- Burning release poster
- Directed by: Eva Orner
- Produced by: Jonathan Schaerf Ben Silverman Howard Owens Jason Byrne Forrest Borie
- Starring: Greg Mullins Mike Cannon-Brookes Daisy Jeffrey Scott Morrison
- Music by: Pascal Babare Thomas Rouch Cornel Wilczek
- Production company: Amazon Studios
- Release date: 26 November 2021;
- Country: Australia

= Burning (2021 film) =

Burning is a 2021 Australian documentary film by Eva Orner and Jonathan Schaerf, which documents the massive fires of the 2019–20 Australian bushfire season.

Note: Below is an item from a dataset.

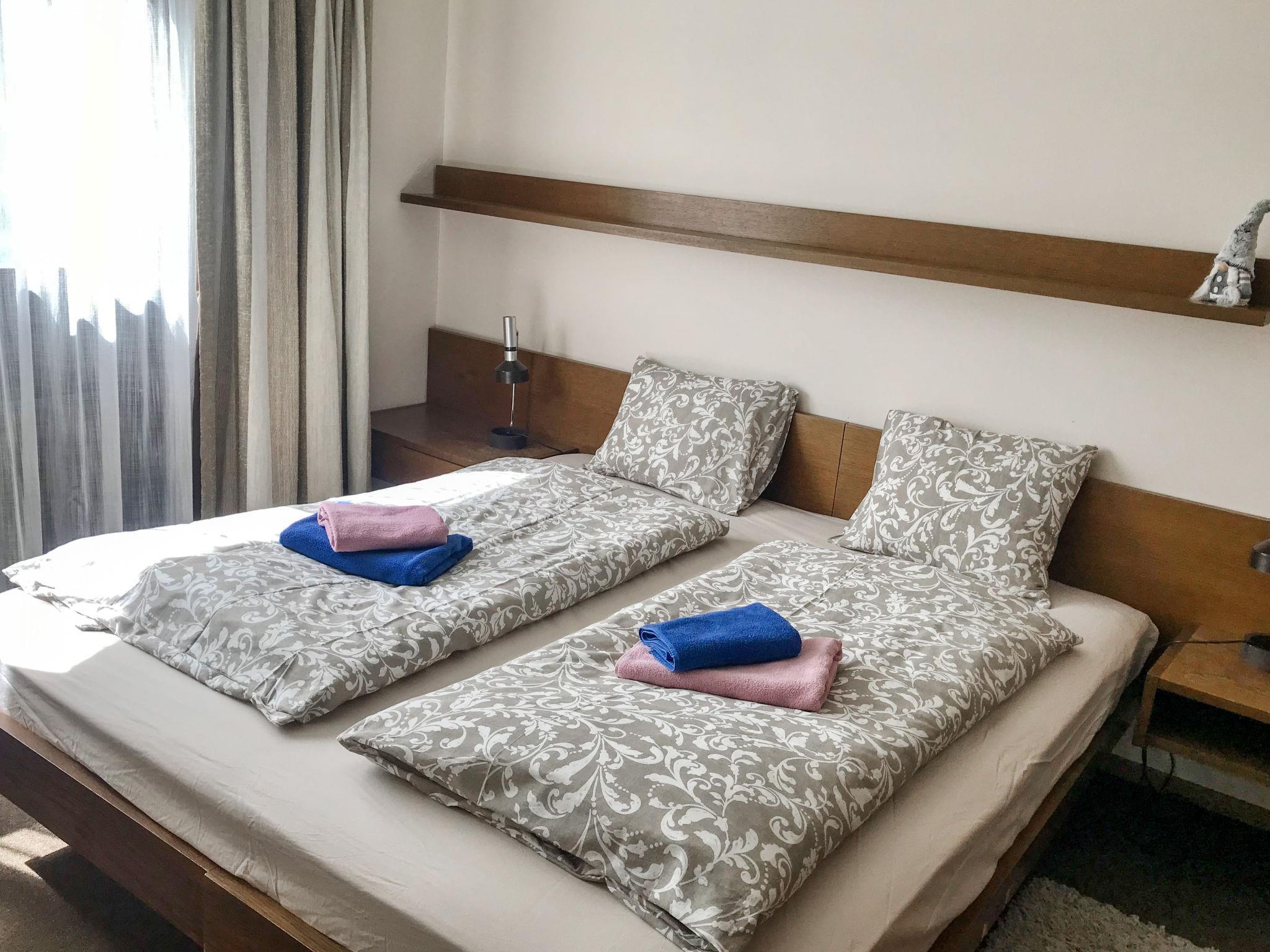 "Panorama View 905", 2-Zimmer-Wohnung 49 m2 im 9. Stock. Objekt geeignet für 2 Erwachsene + 2 Kinder. Geräumig, komfortabel und gemütlich eingerichtet: Wohn-/Schlafzimmer mit 1 Diwanbett (140 cm, Länge 190 cm), Esstisch, Kabel-TV, Flachbildschirm und Radio. Ausgang zum Balkon. 1 Doppelzimmer mit 1 Doppelbett (2 x 90 cm, Länge 200 cm). Kleine Küche (4 Kochplatten, Backofen, Toaster, Wasserkocher, elektrische Kaffeemaschine, Kapseln für die Kaffeemaschine (Nespresso) extra). Bad/WC. Kleiner Balkon, Südlage und Westlage. Balkonmöbel. Herrliche Panoramasicht auf die Berge, die Landschaft und die Ortschaft. Zur Verfügung: Haartrockner. Internet (Wireless LAN, gratis). Bitte beachten: Nichtraucher-Unterkunft. Maximal 1 Haustier/Hund erlaubt.

The film discusses previous bushfire seasons in Australia and compares those to the 2019–2020 fires from the perspective of firefighters, residents and the Australian people. Burning notes that the 2019 Amazon rainforest wildfires burned 2.2 million acres, the 2020 California wildfires burned 4.4 million acres, while the Australian Black Summer fires of 2019–2020 burned 59 million acres. It features interviews with environmentalist Tim Flannery and author Bruce Pascoe.

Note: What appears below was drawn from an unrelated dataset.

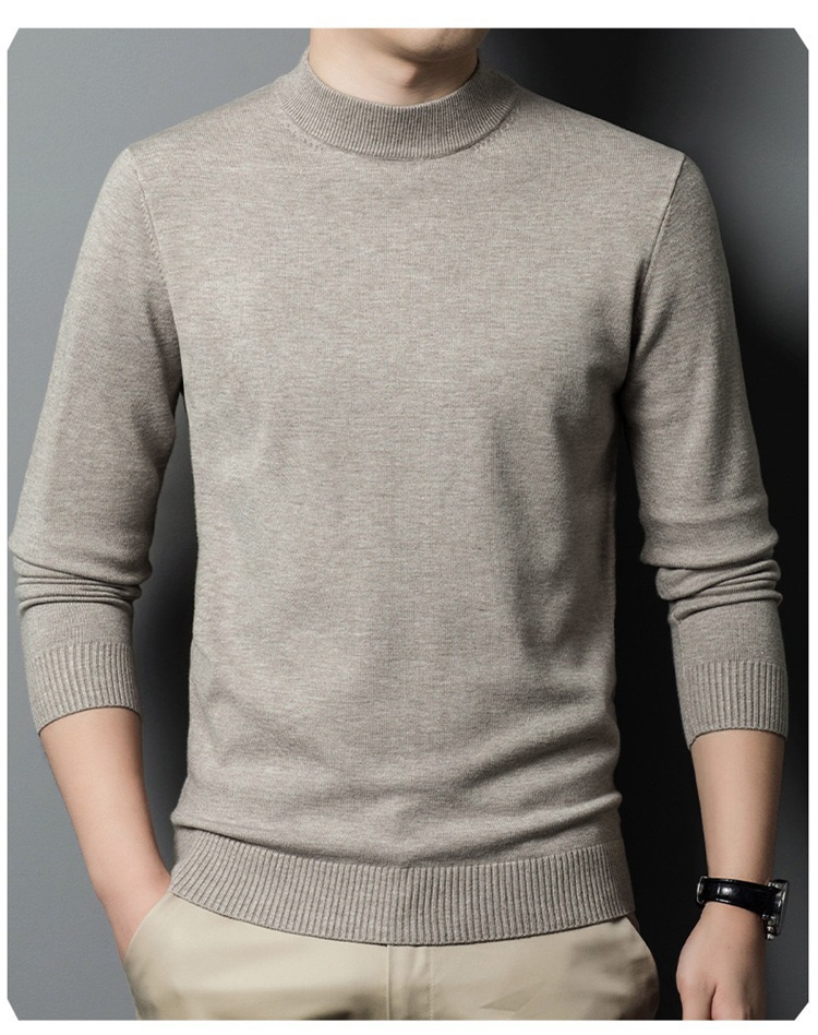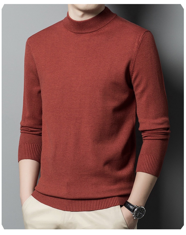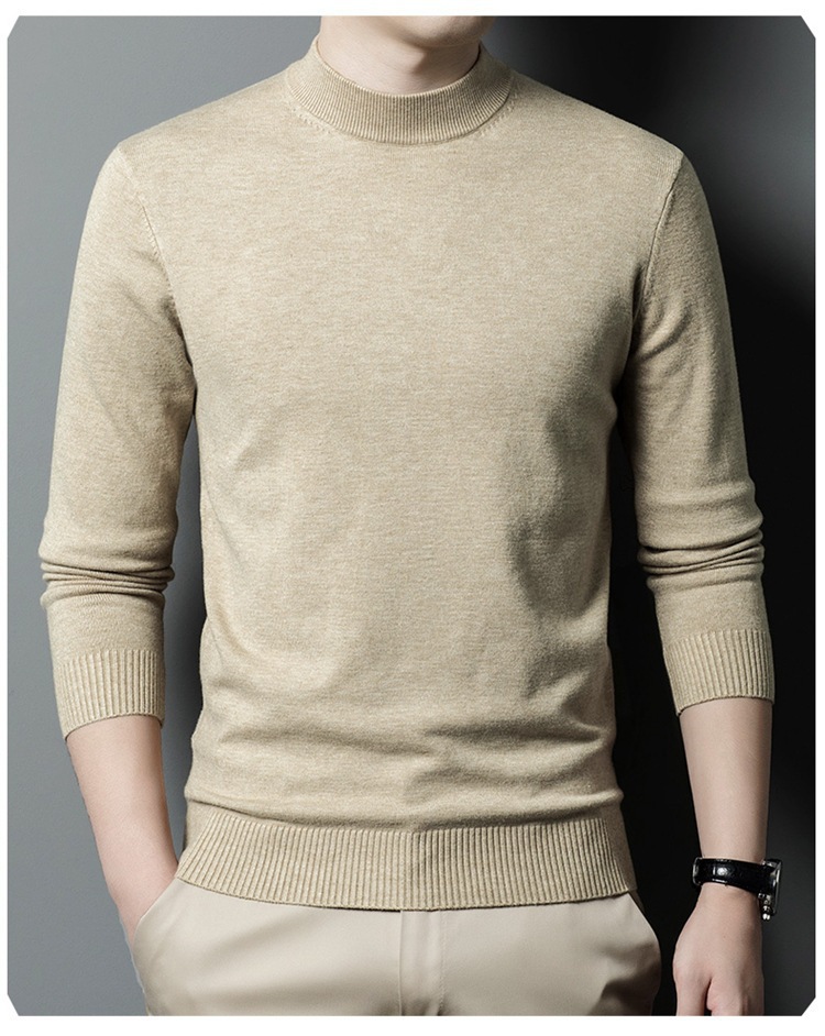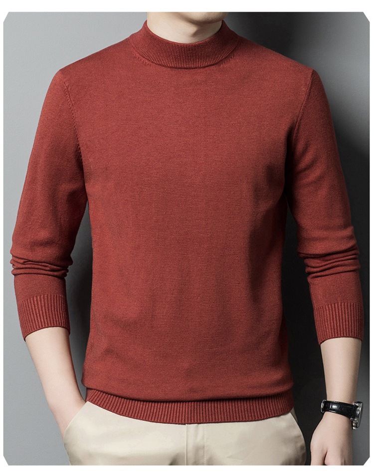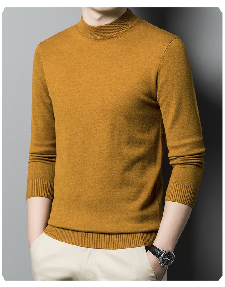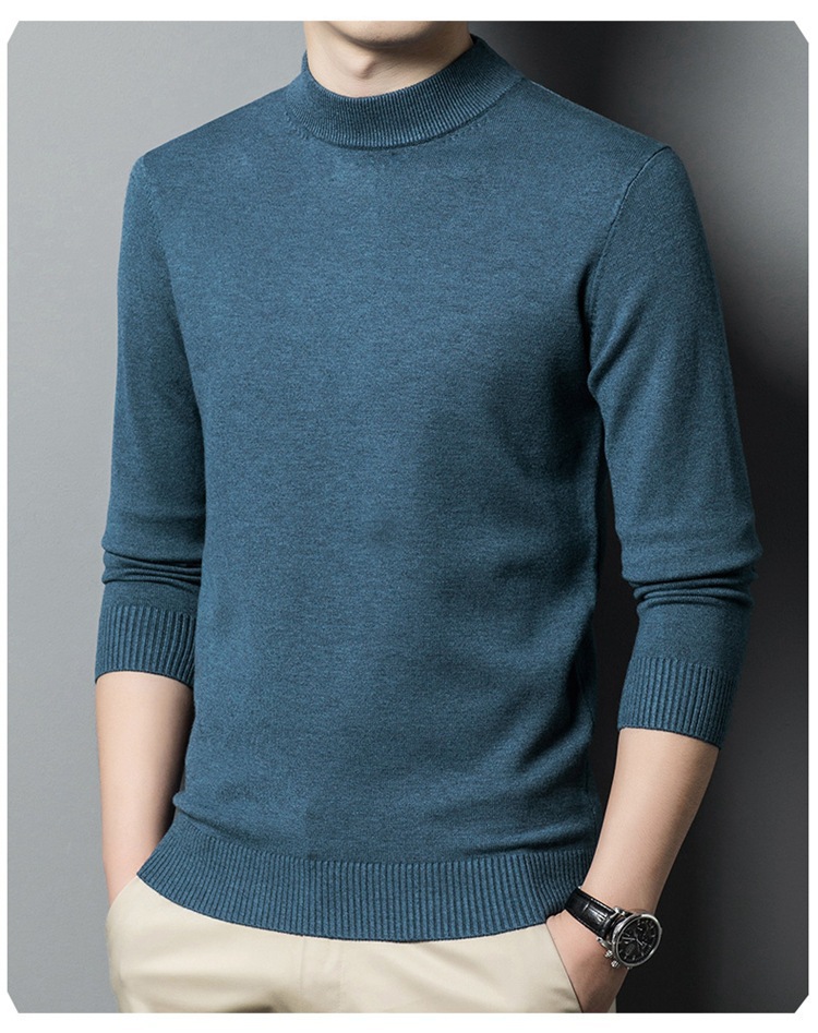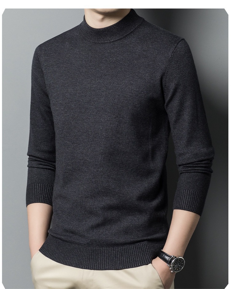 스웨터 남성 니트 상인 남성 가을과 겨울 새로운 중년 반 터틀넥 단색 바닥 셔츠 남성 의류

Politically, Burning focuses on the Youth Climate Movement during this time period and the inaction of prime minister Scott Morrison.

==Reception==
Burning has been compared to An Inconvenient Truth for its precision and fact-based presentation of the issues by showing the perspective of firefighters, residents, young people, tech entrepreneurs, and politicians. The film has a 93% rating on Rotten Tomatoes.